The core issue in the appeal was whether the Commissioner of Income Tax (Appeals) [CIT(A)] was justified in confirming the addition of ?55,42,00,000 made by the Assessing Officer (AO) on account of share capital, which was treated as unexplained cash credit under Section 68 of the Income Tax Act, 1961.

Facts of the Case:
During the assessment proceedings, the AO observed that the assessee had received share capital of ?55,42,00,000, which included a share premium of ?53,15,29,000 at ?1990 per share for 2,67,100 shares issued to 19 different Private Limited Companies. The AO noted that the appellant had no business activity, it was its first year of operation, and had declared a net income of only ?1923. Despite this, shares were issued at a high premium. The AO made several observations:
- The shareholder companies and companies from whom some shareholder companies had received money had common addresses and directors.
- The companies had nominal activities, fixed assets, and declared nominal income. The immediate source of investment was the sales proceeds of shares of similar companies.
- The assessee company had no fixed assets, and the closing bank balance was ?88,160. Almost the entire funds raised as share capital were invested in unquoted shares of private limited companies, indicating a lack of profit motive.
- Verification of the bank account revealed that it was opened around the same time as when the share capital was received, with sums deposited being immediately withdrawn.

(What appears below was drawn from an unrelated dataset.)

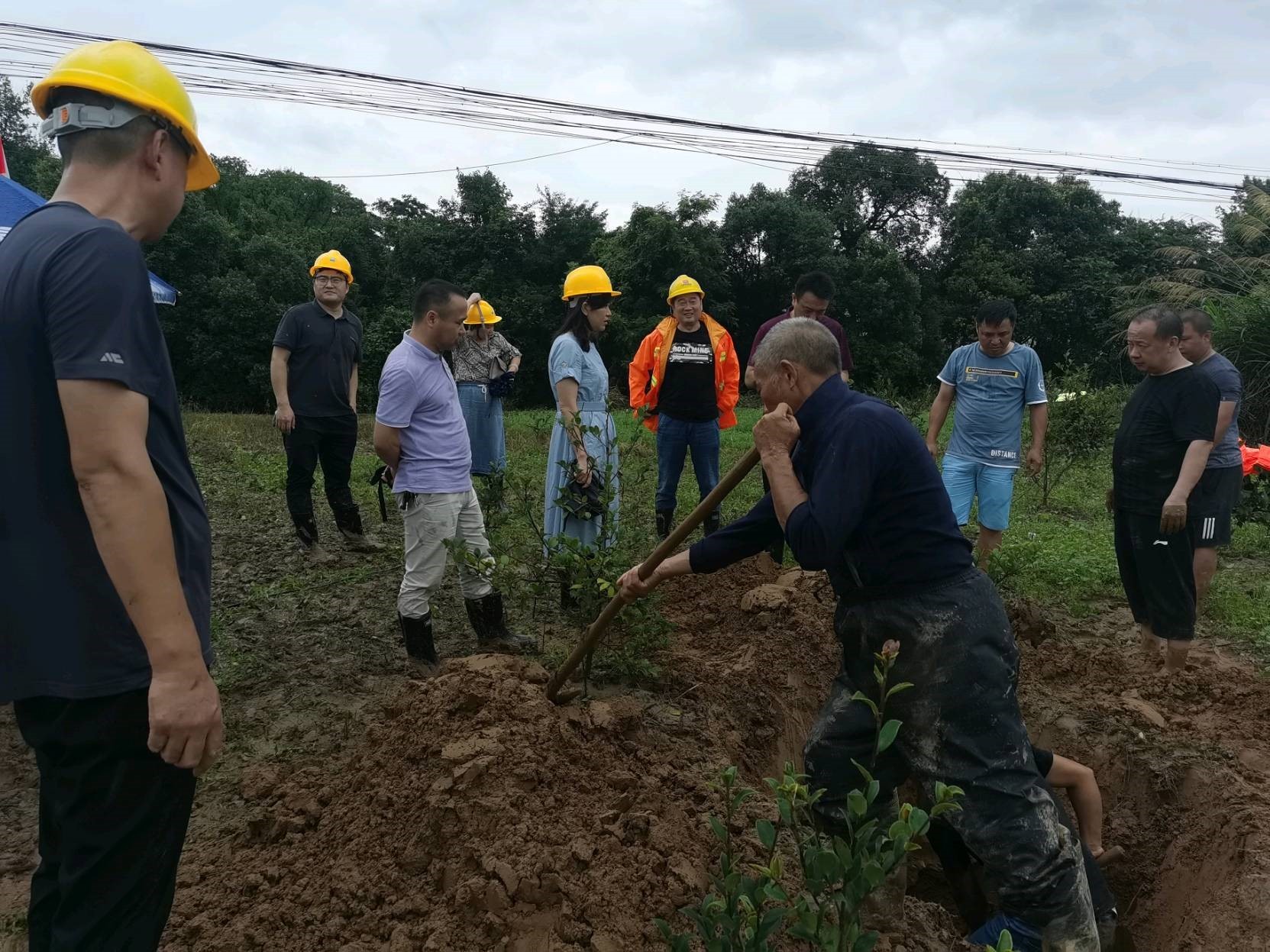 土地被洪水浸泡,挖土机用不上,只能靠人工挖掘,突击队员们二话不说,直接抡起铲子锄头开挖。整个上午,大雨滂沱,突击队在雨中挖掘,这里一边挖那里一边塌方,没有别的办法,只有发挥愚公移山的精神不停地挖,一点一点挺进,整个团队默契协作,一直到中午12点半左右,才找到了光缆。

The AO issued summons to the directors of the assessee company and the shareholder companies to examine the identity, creditworthiness, and genuineness of the transactions. However, there was no compliance from either the assessee company or the investor companies.

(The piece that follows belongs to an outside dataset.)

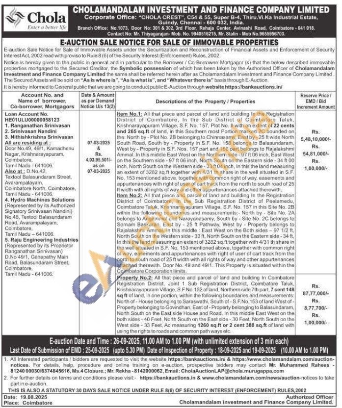 Item No.1: All that piece and parcel of land and building in the Registration District of Coimbatore, In the Sub District of Coimbatore Taluk. Krishnarayapuram Village, S.F. No. 157, Plot No. II with an extent of 22 cents and 265 sq.ft of land, in this Southern most Portion marked 2C bounded on the: North by Plot No. 28 belonging to Chinnasamy, East by-25 It wide North South Road, South by Property in S.F. No. 158 belongs to Balasundaram. West by-Property in S.F. Nos. 157 part and 156 part belongs to Rajalakshmi Ammal. In this middle East West on the Northern side-97 ft 06 inch, East West on the Southern side-97 ft 06 inch, North South on the Eastern side-34 ft 00 inch, North South on the Western side-33 ft 04 inch, in this the land measuring an extent of 3282 sq.ft together with 4/31 th share in the well situated in S.F No. 153 mentioned above, together with common right of way, easements and appurtenances with right of user of cart track from the north to south road of 25 width with all rights of way and other appurtenances attached therewith.ft Item No.2: All that piece and parcel of land and building in the Registration District of Coimbatore. In the Sub Registration District of Peelamedu, Coimbatore Taluk, Krishnarayapuram Village, S.F. No. 157 in this Site No. 28 within the following boundaries and measurements: North by Site No. 2A belongs to Angammal and Narayanasamy, South by Site No. 2C belongs to Somam Baskaran, East by 25 It Pathway, West by Property belongs to Rajalakshmi Ammal. In this middle East West on the Both sides-97 1/2 ft. North South on the Western side-33 ft, North South on the Eastern side-34 ft. In this the land measuring an extent of 3282 sq.ft together with 4/31 th share in the well situated in S.F. No. 153 mentioned above, together with common right of way, easements and appurtenances with right of user of cart track from the north to south road of 25 ft width with all rights of way and other appurtenances attached therewith. Door No. 49 and 49/1. This Property is situated within the Coimbatore Corporation limits,

Arguments by the Assessee:
The assessee argued that the AO had not made an independent inquiry to disprove the claim despite having all relevant documents. The assessee contended that the AO passed the order in a mechanical manner without giving sufficient opportunity for representation. The assessee requested the matter be restored to the AO for fresh consideration.

Tribunal's Observations:
The Tribunal reviewed the materials on record and referred to judgments in similar cases, including ITO vs Nilkanth Finbuild Ltd and M/s Sriram Tie up Pvt. Ltd. vs ITO. The Tribunal noted that in similar cases, it was held that if the identity of the shareholder is established, no addition can be made in the assessee's hands, and the assessee is not required to show the source of shareholders' funds. The Tribunal also referred to the case of M/s Sukanya Merchandise Pvt. Ltd. vs ITO, where a similar issue was restored to the AO for fresh assessment due to lack of opportunity for the assessee to present evidence.

Conclusion:
The Tribunal, following the judgments in similar cases, set aside the order of the CIT(A) and restored the matter to the AO for de novo assessment. The AO was directed to give the assessee a reasonable opportunity of hearing and to consider the entire evidence already placed before the authorities as well as any additional documentary evidence the assessee may choose to file.

Result:
The appeal of the assessee was allowed for statistical purposes, and the matter was remanded back to the AO for fresh consideration.

Order Pronounced:
The order was pronounced in the Court on 01.06.2018.